PROBLEM DESCRIPTION: The goal is an unaltered copy of the records below, minus any images.

Items from a data source:
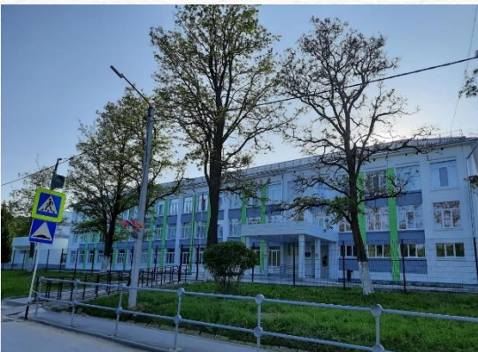
МКОУ СОШ МО СЛАВНЫЙ
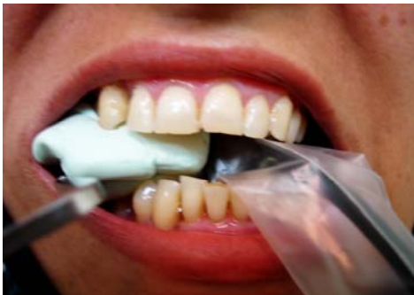
ب- sensor و template با XCP در دهان بیمار
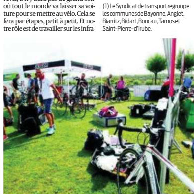
Fête du vélo se déroulera sur le site de l'esplanade de La Barre, qui avait accueilli La Haute route cet été.

Comment cela va-t-il se traduire ? Nous ne sommes pas partisans du principe de vélib'. D'ailleurs, beaucoup de collectivités en reviennent, et cela représente un coût énorme. On préfère partir sur quelque chose de nouveau à co-construire. Nous allons expérimenter la location longue durée de vélo à assistance électrique (VAE), avec l'objectif que les gens aient le temps de s'approprier ce nouveau mode de déplacement sur des trajets domicile-travail ou pour les loisirs, qu'ils puissent apprécier le gain de temps et d'argent en reconnaissant l'utilité de ces VAE. Cela en conduira certains à acquérir ce type de vélo. À terme, cela doit faire reculer l'usage de la voiture. Il ne faut pas rêver, il n'y aura pas de grand soir où tout le monde va laisser sa voiture pour se mettre au vélo. Cela se fera par étapes, petit à petit. Et le rôle est de travailler sur les infra-
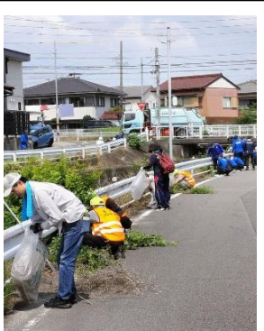
石ヶ瀬自治区では、矢戸川の草刈を6月、9月に行っています。
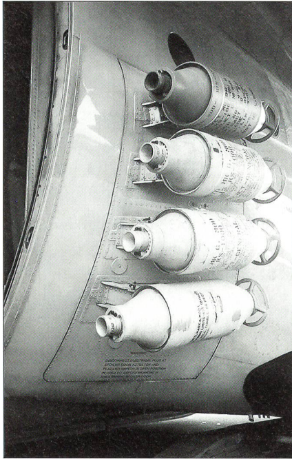
Auf Höhe der hinteren Seitentüren können je vier ATO-Startraketen montiert werden. Einmal gezündet, brennen sie während zehn bis elf Sekunden ab und erhöhen mit ihrem Schub die Geschwindigkeit um rund sieben bis acht zusätzliche Knoten.
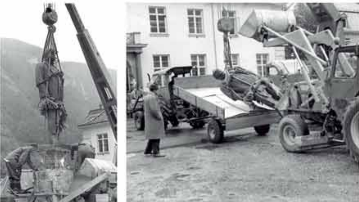
Statuen rives 1967.
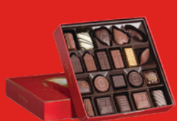
CHOCOLATS ASSORTIS 250 g 21 chocolats
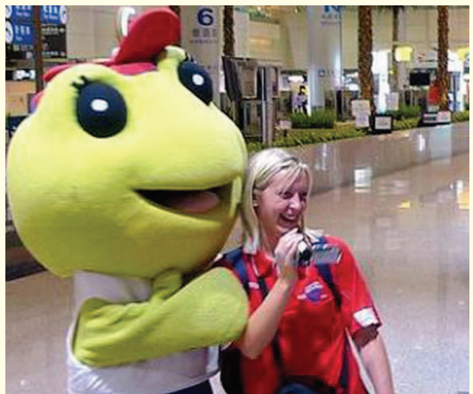
▲ 大會吉祥物迎接外國選手到來

為了迎接多達3,000多位國際人士來臺，並且妥善服務來自世界各國的聽障選手，這一次也是臺北市有史以來，募集最多志工的活動，當中除了社會人士外，社會團體的支援與大專院校的學生也是重要志工來源，讓此回志工的人數一口氣上達9,700人，再加上8,000多名幕後工作人員與1,000多位的外語志工，總動員人數超過2萬人，遠超過國際聽奧總會要求志工人數至少達到每2位選手配1位志工的門檻。據他國的參賽選手及隊職員表示，臺北聽奧志工的效率超好，每個問題均能快速解決，這是他們過去參加聽奧比賽時不曾見過的效率。
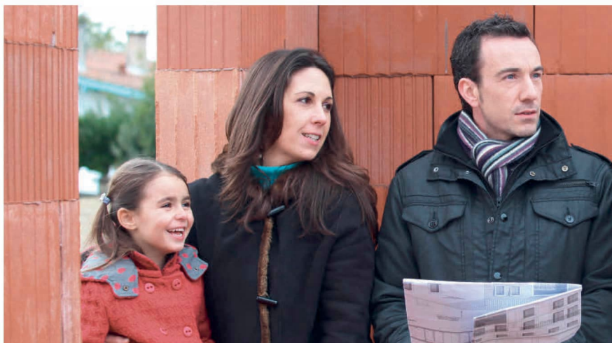
Fällt der Eigenmietwert oder nicht? Die Diskussion ist noch im Gang.

Steuerabzüge (Hypothekarzinsen, Unterhaltskosten u. a.) ebenfalls erhalten bleiben sollen. Im Nationalrat wurde rasch klar, dass der Ansatz, «den Fünfer und das Weggli» zu wollen, nicht mehrheitsfähig ist. Nun geht das Geschäft zurück an die Kommission. Mit raschen Änderungen in Sachen Eigenmietwert ist also vorderhand nicht zu rechnen. ■
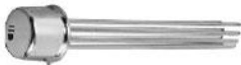
TE 产品编号3-1617118-0 J1MACDD-12XP = M39016/24-028P
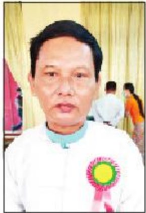
မင်းဗေဒါ(ပွင့်ဖြူ)
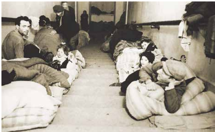
Židovské rodiny ubytované v Castel Gandolfo.
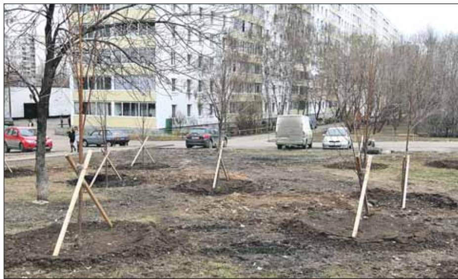
На Бибиревской из-под снега «вынырнули» молодые деревья, посаженные в декабре

Полный список дворов, подлежащих ремонту, будет опубликован в следующем выпуске газеты «Алтуфьево». Также эту информацию можно получить на сайте управы района: uprava-altufevo.ru
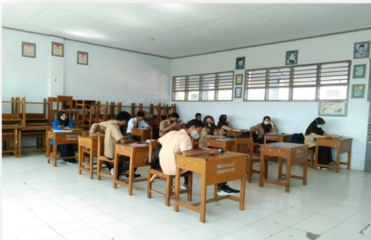
Gambar : Dokumentasi Akhir Proses pembelajaran dan baground sekolah
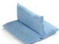
Abduction Art. 1549488
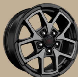
17" disky z lehkých slitin Rubicon (WFV, standard)
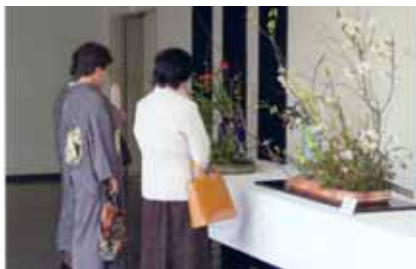
文化フェスティバル

RESPONSE BOX:
МКОУ СОШ МО СЛАВНЫЙ
ب- sensor و template با XCP در دهان بیمار
Fête du vélo se déroulera sur le site de l'esplanade de La Barre, qui avait accueilli La Haute route cet été.

Comment cela va-t-il se traduire ? Nous ne sommes pas partisans du principe de vélib'. D'ailleurs, beaucoup de collectivités en reviennent, et cela représente un coût énorme. On préfère partir sur quelque chose de nouveau à co-construire. Nous allons expérimenter la location longue durée de vélo à assistance électrique (VAE), avec l'objectif que les gens aient le temps de s'approprier ce nouveau mode de déplacement sur des trajets domicile-travail ou pour les loisirs, qu'ils puissent apprécier le gain de temps et d'argent en reconnaissant l'utilité de ces VAE. Cela en conduira certains à acquérir ce type de vélo. À terme, cela doit faire reculer l'usage de la voiture. Il ne faut pas rêver, il n'y aura pas de grand soir où tout le monde va laisser sa voiture pour se mettre au vélo. Cela se fera par étapes, petit à petit. Et le rôle est de travailler sur les infra-
石ヶ瀬自治区では、矢戸川の草刈を6月、9月に行っています。
Auf Höhe der hinteren Seitentüren können je vier ATO-Startraketen montiert werden. Einmal gezündet, brennen sie während zehn bis elf Sekunden ab und erhöhen mit ihrem Schub die Geschwindigkeit um rund sieben bis acht zusätzliche Knoten.
Statuen rives 1967.
CHOCOLATS ASSORTIS 250 g 21 chocolats
▲ 大會吉祥物迎接外國選手到來

為了迎接多達3,000多位國際人士來臺，並且妥善服務來自世界各國的聽障選手，這一次也是臺北市有史以來，募集最多志工的活動，當中除了社會人士外，社會團體的支援與大專院校的學生也是重要志工來源，讓此回志工的人數一口氣上達9,700人，再加上8,000多名幕後工作人員與1,000多位的外語志工，總動員人數超過2萬人，遠超過國際聽奧總會要求志工人數至少達到每2位選手配1位志工的門檻。據他國的參賽選手及隊職員表示，臺北聽奧志工的效率超好，每個問題均能快速解決，這是他們過去參加聽奧比賽時不曾見過的效率。
Fällt der Eigenmietwert oder nicht? Die Diskussion ist noch im Gang.

Steuerabzüge (Hypothekarzinsen, Unterhaltskosten u. a.) ebenfalls erhalten bleiben sollen. Im Nationalrat wurde rasch klar, dass der Ansatz, «den Fünfer und das Weggli» zu wollen, nicht mehrheitsfähig ist. Nun geht das Geschäft zurück an die Kommission. Mit raschen Änderungen in Sachen Eigenmietwert ist also vorderhand nicht zu rechnen. ■
TE 产品编号3-1617118-0 J1MACDD-12XP = M39016/24-028P
မင်းဗေဒါ(ပွင့်ဖြူ)
Židovské rodiny ubytované v Castel Gandolfo.
На Бибиревской из-под снега «вынырнули» молодые деревья, посаженные в декабре

Полный список дворов, подлежащих ремонту, будет опубликован в следующем выпуске газеты «Алтуфьево». Также эту информацию можно получить на сайте управы района: uprava-altufevo.ru
Gambar : Dokumentasi Akhir Proses pembelajaran dan baground sekolah
Abduction Art. 1549488
17" disky z lehkých slitin Rubicon (WFV, standard)
文化フェスティバル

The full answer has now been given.